Wünsche Euch viel Spaß beim Lesen :)

Romulus und Remus
Von Kassyus

Erbarmungslos brannte die heiße Mittagssonne auf den Planeten nieder und ließ die Luft in den Canyons und Sandbedeckten Ebenen flimmern. Sie waren bar jeglichen Lebens, nur vereinzelt trotzten kleine Gruppen riesiger Kakteen der Hitze. Eigentlich ein trostloser Planet, wenn da nicht die reichhaltigen Ölvorkommen wären. Man benötigte den Rohstoff zur Treibstoffgewinnung für die gigantische Kreuzzugsflotte und Kriegsmaschinerie des Imperiums in diesem Sektor. Auch der Erzfeind hatte ebenfalls sein Augenmerk auf den Planeten geworfen und benötigte die Bodenschätze ebenso, um den Kampf fortführen zu können und er setzte alles daran ihn auch für sich zu gewinnen.

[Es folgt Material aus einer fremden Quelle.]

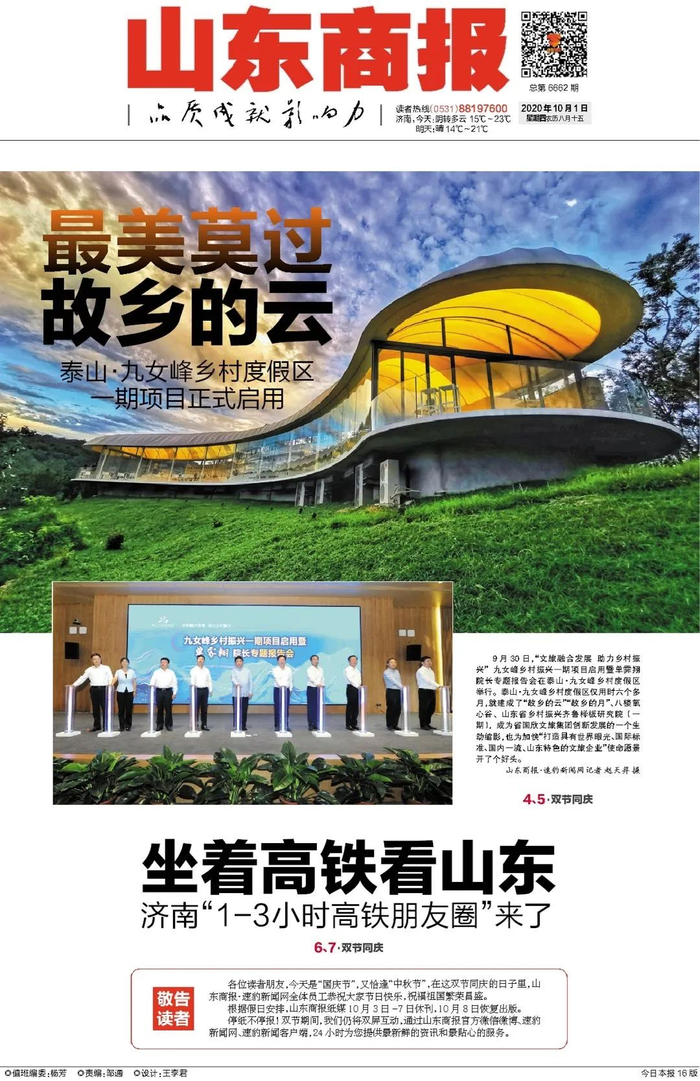 泰山九女峰乡村度假区项目是鲁商集团、省国欣文旅集团首个签约并投入建设的乡村振兴项目,位于泰安市岱岳区道朗镇,涉及19个村、1.3万人,计划总投资20亿元,由国内著名规划设计团队整体规划设计,整个片区将分三期完成。今年3月19日正式开工,仅用时6个多月,就完美呈现了“故乡的云”“故乡的月”、八楼氧心谷、山东省乡村振兴齐鲁样板研究院(一期),并于今天正式投入运营。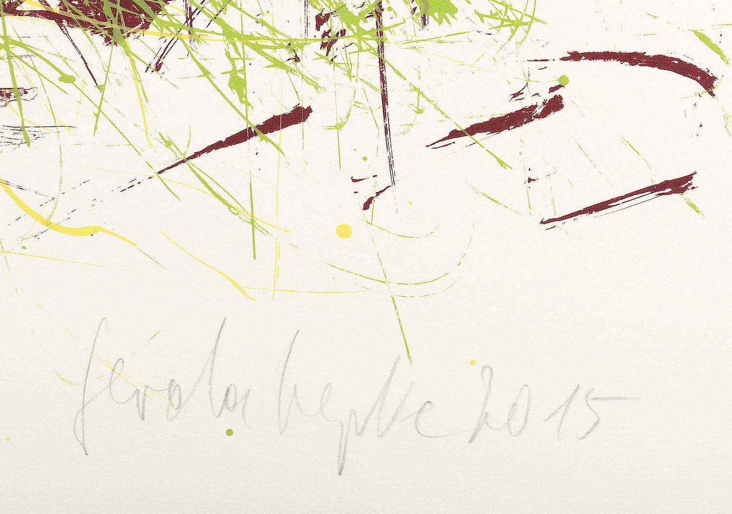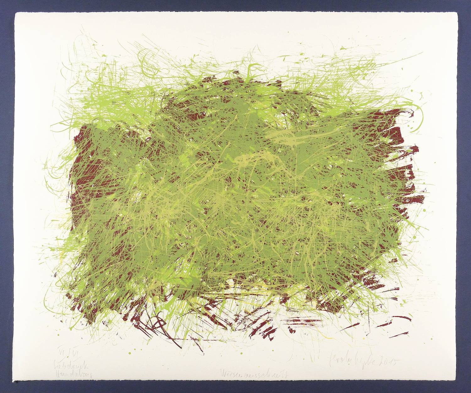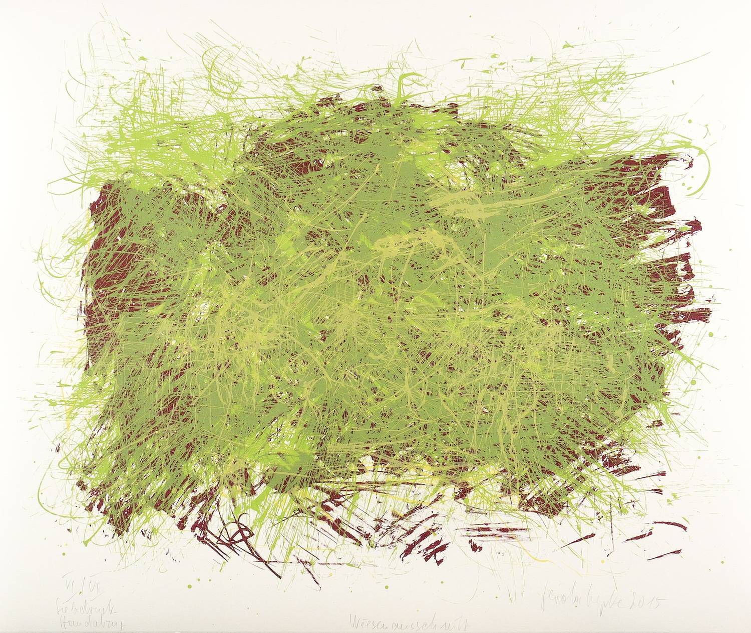 2015. Farbsiebdruck / Farbserigrafie, in Rotbraun, Grün & Gelb, auf weißem Büttenpapier. – Originale Künstlergrafik, von Gerda Lepke. – Auflage Exemplar Nr. VI/VI. – 58,5 x 70,5 cm (Darstellung / Druckbild), 64 x 76,5 cm (Blatt).

Lange war es in diesem Landstrich still gewesen, der Krieg war längst weiter gezogen und hatte sich an den entfernten Oasen der Wüste festgefressen. Die Anhänger des Chaos und des Imperators fochten um jeden Flecken Schatten und Wasser. Bald würde die lange Zeit der Dürre beginnen und jeden Töten, der sich bis dahin noch im offenen aufhielt. Es war ein erbarmungsloser Wettkampf beider Seiten gegen die Zeit.

Doch mit der Ruhe war es jäh vorbei, als eine Fahrzeugkolonne den Canyon zur Abkürzung nutzte. Angeführt wurden die schweren Halbkettenfahrzeuge, beladen mit Baumaterial und Flakbrettern, von einem Rhino der Astral Panthers. Einer jener Codex-Orden der Legion Astardes, welche für Recht und Ordnung kämpften. Rechtschaffenheit war ihr Pfad und inbrünstiger Glaube gebot Schutz vor den heimtückischen Verlockungen des Chaos!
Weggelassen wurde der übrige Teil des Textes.